- TASK DETAILS: Images are to be omitted, and the rest of the records reproduced exactly.

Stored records
★ ★ ★ ★ ★
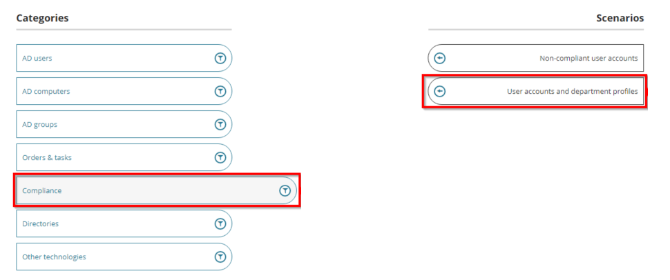 In the Analysis screen, click Compliance and then click User accounts and department profiles.
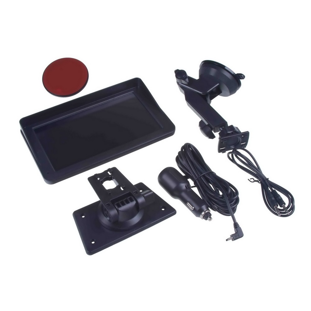 - Monitor s dotykovou 7" obrazovkou (Plug and Play, vhodné pre všetky autá) je dodávaná so silným stojanom s prísavkou, so stojanom pre pevnú montáž na palubnú dosku a podobne.
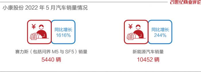 在问界M5带动下,今年5月,小康股份新能源汽车销量首次超越燃油车,实现销量10452辆,同比增长244%。
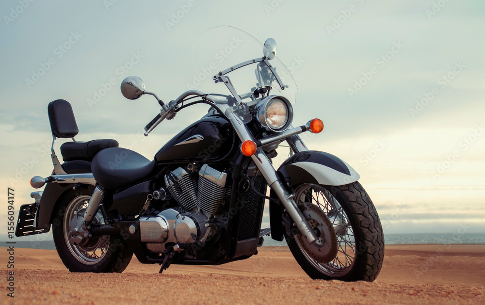 Adventure motorcycle in the Namib Desert – premium stock photo capturing off-road freedom, solitude, and the raw beauty of desert exploration and untamed travel.
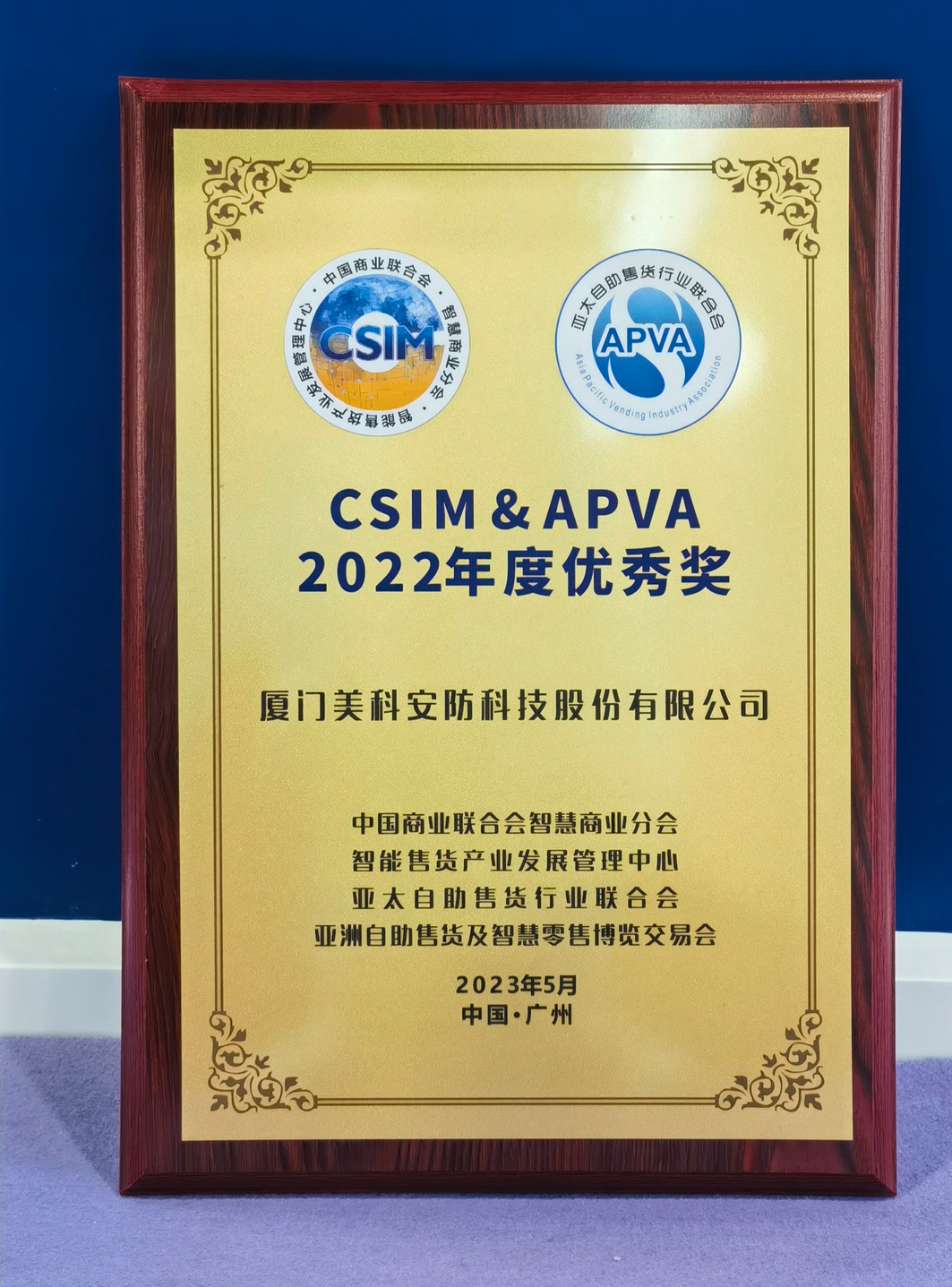 展會上,美科憑借優(yōu)質(zhì)的產(chǎn)品和研發(fā)創(chuàng)新能力,榮獲中國商業(yè)聯(lián)合會與亞太自助售貨行業(yè)聯(lián)合會(簡稱:CSIM&APVA) 2022年度優(yōu)秀獎。
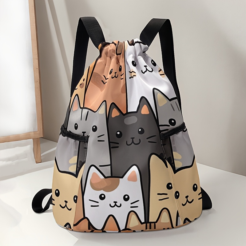 TEMU 귀여운 고양이 프린트 드로스트링 백팩 - 대용량 내구성 있는 체육관 가방, 조절 가능한 어깨끈, 스포츠 해변 백팩, 여행, 하이킹, 캠핑 - 남녀 공용 디자인, 하이킹 장비
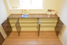 窓にはインナーサッシ設置。防音をはじめ断熱や防犯効果のある優れものです。窓際のカウンター下は造作の収納になっていました。幅が広く収納力抜群ですよ。
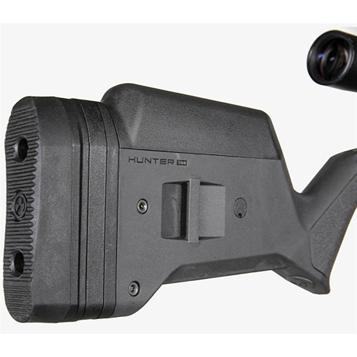 Magpul Hunter 700 LA-stokken er laget av forsterket polymer og en maskinert, anodisert A380 støpt aluminiumsbeddingblokk. Denne stokken tilbyr brukerne en fullt justerbar lengde på trekk, kombhøyde og forbedret ergonomi.
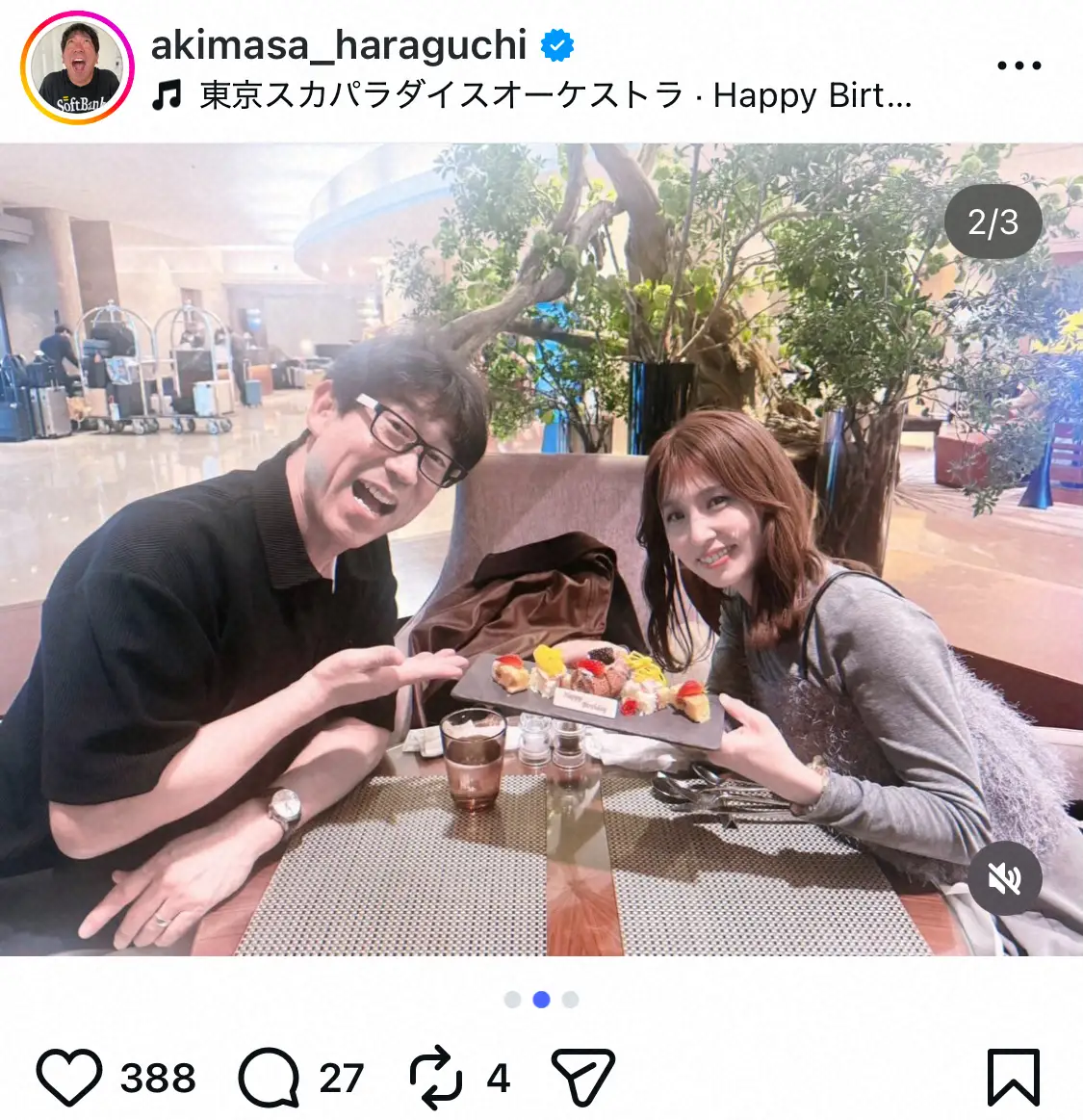 原口あきまさ「嫁ちゃん誕生日」お祝い2S 元グラドル年下妻の姿に「綺麗な奥様」「可愛い」
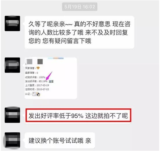 周小姐介紹,“她下單的時(shí)候,交易直接是關(guān)閉狀態(tài),直接沒(méi)法付款,下不了單。這是什么原因?客服明確跟她說(shuō),‘這是因?yàn)槟愫迷u(píng)率低于95%,所以不給下單。’后來(lái)我們了解到,不少淘寶上做得比較大的店鋪,都有類(lèi)似的做法。以前只是個(gè)例,最近集中爆發(fā)出來(lái)了。”
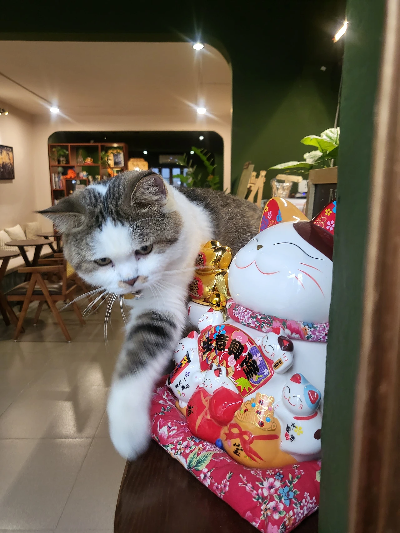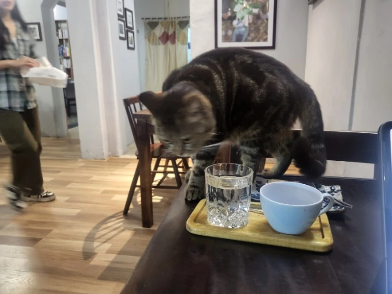 갑작스러운 냥이의 습격! 허기는 누구를 위해 울리나, 너도 배가 고프구나? 디저트를 탐한 건 엄마 고양이! 직원은 빛의 속도로 달려와 저지했다. 대담한 행동력을 보아 초범은 아닌가 보다. 눈 깜짝할 사이에 제압당하며 미수로 마무리된다. 직원은 멋쩍은 미소를 보이며 마미 캣에게 주의를 준다. 테이블이 삐걱댄 건 기분 탓이 아니었다. 알고 보니 식단 관리가 필요하다나. 함께 헬스 가자, 마미 캣!
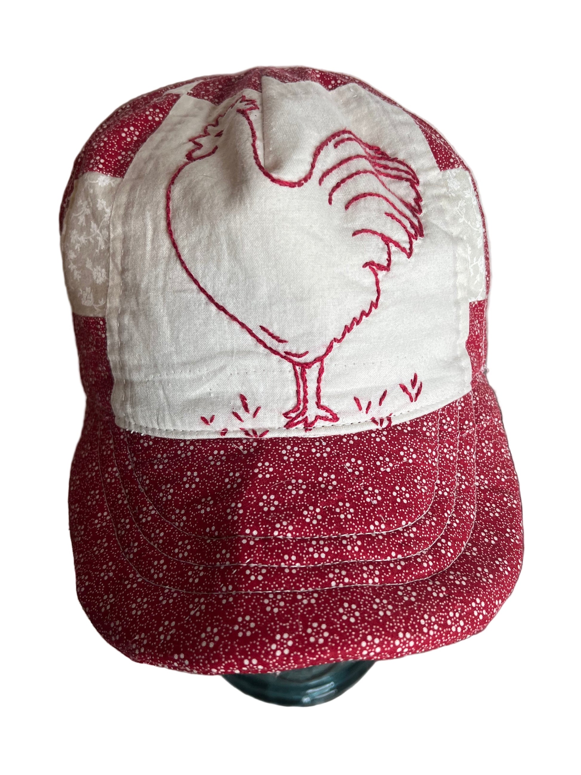 One of a kind & made by me with a beautiful red & white embroidered baby quilt. This gorgeous hat is lined with natural linen & closes with a snapback fastener, making it adjustable to fit most! 3 in this collection.
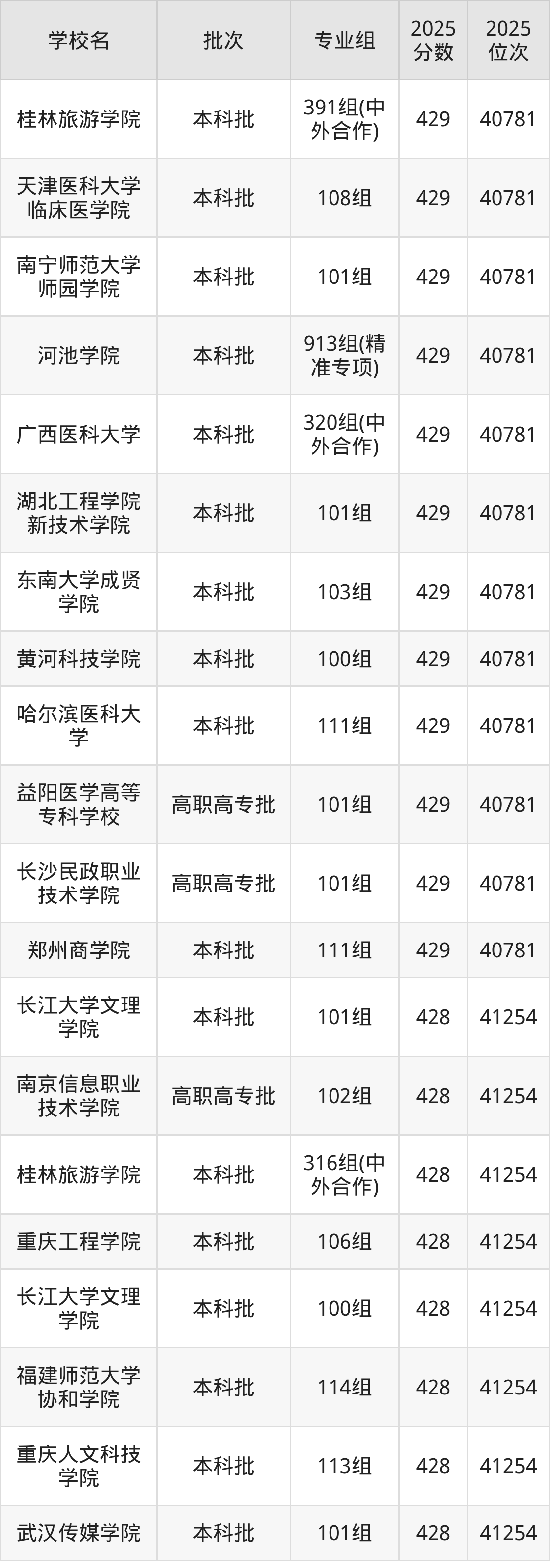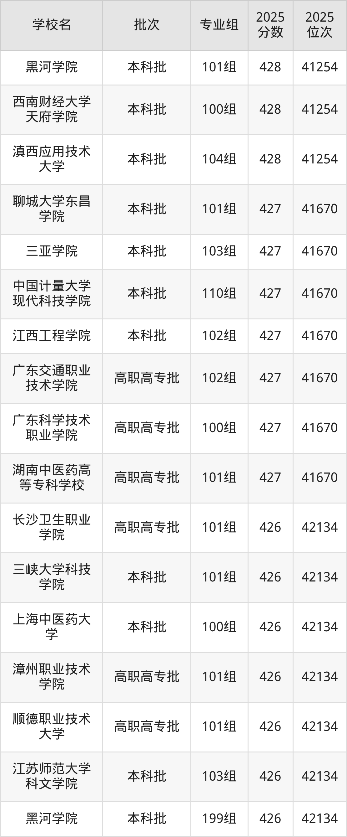 2025年广西高考历史类427分(41255名~41670名)能上的大学有江西工程学院102组、中国计量大学现代科技学院110组、三亚学院103组、聊城大学东昌学院101组等。
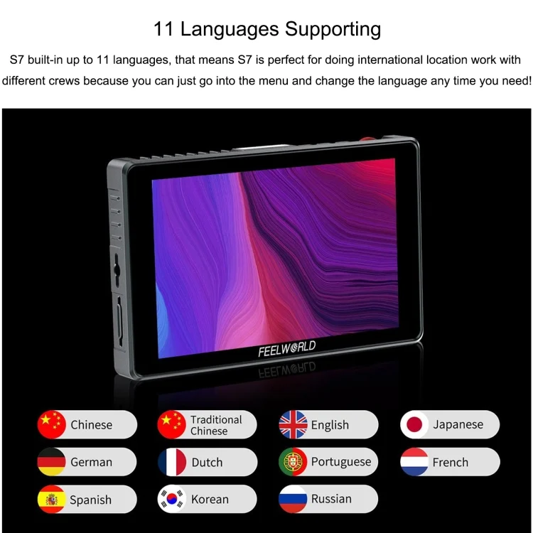 FEELWORLD S7 7-inch 12G-SDI HDMI2.0 Camera Field Monitor High Brightness1600nit Touchscreen
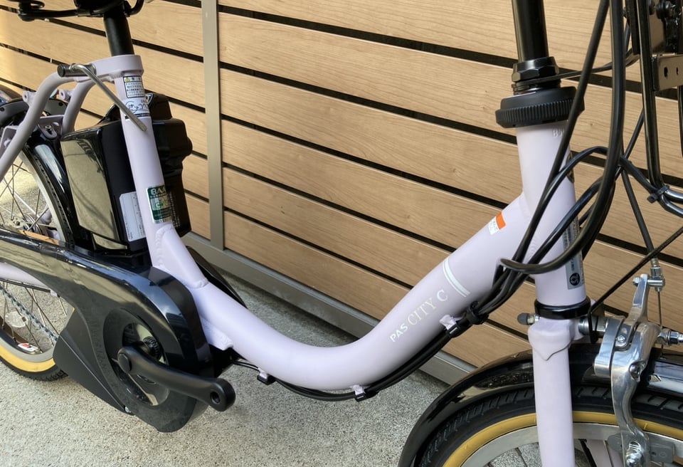 桜カラーのコンパクトな電動アシスト自転車!廃色のカラーなので、こちらのカラーが気になっている方には手に入れる最後のチャンスかも、最新モデルから前カゴが標準装備になっていますが、前キャリアにカゴが付いているタイプでは無くなったので、キャリア取付タイプのカゴが付かなくなってしまいました。。。
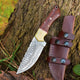 Crafted with precision and designed for hunters, this custom handmade skinning knife combines quality materials with an ergonomic design, making it an essential for skinning tasks. The 4.5-inch Damascus steel blade is expertly crafted for a razor-sharp edge and exceptional durability, ensuring seamless cuts every time. Featuring a camel bone and rosewood handle, this knife not only offers a comfortable grip but also enhances your hunting gear collection with its unique, natural look.
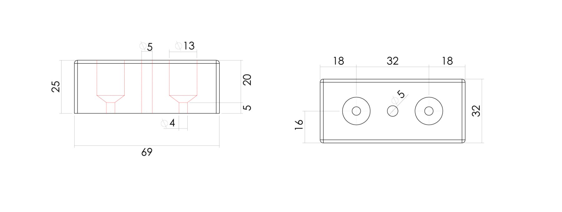 Pata plástica cuadrada 30 x 30 - 130 mm
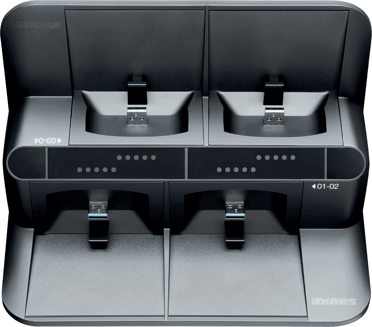 Le chargeur Shure SBC450-E permet d’atteindre environ 50 % de charge en une heure et une charge complète en trois heures. Ces performances sont adaptées aux contraintes des environnements professionnels, où les temps de rotation du matériel doivent rester courts et prévisibles.
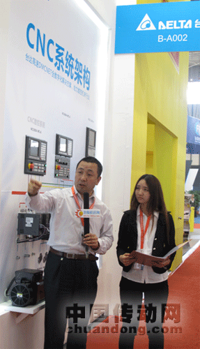 中達(dá)電通伺服&數(shù)控產(chǎn)品開(kāi)發(fā)處經(jīng)理李文建向媒體介紹臺(tái)達(dá)展臺(tái)
★ ★ ★ ★ ★
- FINISHED TASK:
 In the Analysis screen, click Compliance and then click User accounts and department profiles.
 - Monitor s dotykovou 7" obrazovkou (Plug and Play, vhodné pre všetky autá) je dodávaná so silným stojanom s prísavkou, so stojanom pre pevnú montáž na palubnú dosku a podobne.
 在问界M5带动下,今年5月,小康股份新能源汽车销量首次超越燃油车,实现销量10452辆,同比增长244%。
 Adventure motorcycle in the Namib Desert – premium stock photo capturing off-road freedom, solitude, and the raw beauty of desert exploration and untamed travel.
 展會上,美科憑借優(yōu)質(zhì)的產(chǎn)品和研發(fā)創(chuàng)新能力,榮獲中國商業(yè)聯(lián)合會與亞太自助售貨行業(yè)聯(lián)合會(簡稱:CSIM&APVA) 2022年度優(yōu)秀獎。
 TEMU 귀여운 고양이 프린트 드로스트링 백팩 - 대용량 내구성 있는 체육관 가방, 조절 가능한 어깨끈, 스포츠 해변 백팩, 여행, 하이킹, 캠핑 - 남녀 공용 디자인, 하이킹 장비
 窓にはインナーサッシ設置。防音をはじめ断熱や防犯効果のある優れものです。窓際のカウンター下は造作の収納になっていました。幅が広く収納力抜群ですよ。
 Magpul Hunter 700 LA-stokken er laget av forsterket polymer og en maskinert, anodisert A380 støpt aluminiumsbeddingblokk. Denne stokken tilbyr brukerne en fullt justerbar lengde på trekk, kombhøyde og forbedret ergonomi.
 原口あきまさ「嫁ちゃん誕生日」お祝い2S 元グラドル年下妻の姿に「綺麗な奥様」「可愛い」
 周小姐介紹,“她下單的時(shí)候,交易直接是關(guān)閉狀態(tài),直接沒(méi)法付款,下不了單。這是什么原因?客服明確跟她說(shuō),‘這是因?yàn)槟愫迷u(píng)率低于95%,所以不給下單。’后來(lái)我們了解到,不少淘寶上做得比較大的店鋪,都有類(lèi)似的做法。以前只是個(gè)例,最近集中爆發(fā)出來(lái)了。”
 갑작스러운 냥이의 습격! 허기는 누구를 위해 울리나, 너도 배가 고프구나? 디저트를 탐한 건 엄마 고양이! 직원은 빛의 속도로 달려와 저지했다. 대담한 행동력을 보아 초범은 아닌가 보다. 눈 깜짝할 사이에 제압당하며 미수로 마무리된다. 직원은 멋쩍은 미소를 보이며 마미 캣에게 주의를 준다. 테이블이 삐걱댄 건 기분 탓이 아니었다. 알고 보니 식단 관리가 필요하다나. 함께 헬스 가자, 마미 캣!
 One of a kind & made by me with a beautiful red & white embroidered baby quilt. This gorgeous hat is lined with natural linen & closes with a snapback fastener, making it adjustable to fit most! 3 in this collection.
 2025年广西高考历史类427分(41255名~41670名)能上的大学有江西工程学院102组、中国计量大学现代科技学院110组、三亚学院103组、聊城大学东昌学院101组等。
 FEELWORLD S7 7-inch 12G-SDI HDMI2.0 Camera Field Monitor High Brightness1600nit Touchscreen
 桜カラーのコンパクトな電動アシスト自転車!廃色のカラーなので、こちらのカラーが気になっている方には手に入れる最後のチャンスかも、最新モデルから前カゴが標準装備になっていますが、前キャリアにカゴが付いているタイプでは無くなったので、キャリア取付タイプのカゴが付かなくなってしまいました。。。
 Crafted with precision and designed for hunters, this custom handmade skinning knife combines quality materials with an ergonomic design, making it an essential for skinning tasks. The 4.5-inch Damascus steel blade is expertly crafted for a razor-sharp edge and exceptional durability, ensuring seamless cuts every time. Featuring a camel bone and rosewood handle, this knife not only offers a comfortable grip but also enhances your hunting gear collection with its unique, natural look.
 Pata plástica cuadrada 30 x 30 - 130 mm
 Le chargeur Shure SBC450-E permet d’atteindre environ 50 % de charge en une heure et une charge complète en trois heures. Ces performances sont adaptées aux contraintes des environnements professionnels, où les temps de rotation du matériel doivent rester courts et prévisibles.
 中達(dá)電通伺服&數(shù)控產(chǎn)品開(kāi)發(fā)處經(jīng)理李文建向媒體介紹臺(tái)達(dá)展臺(tái)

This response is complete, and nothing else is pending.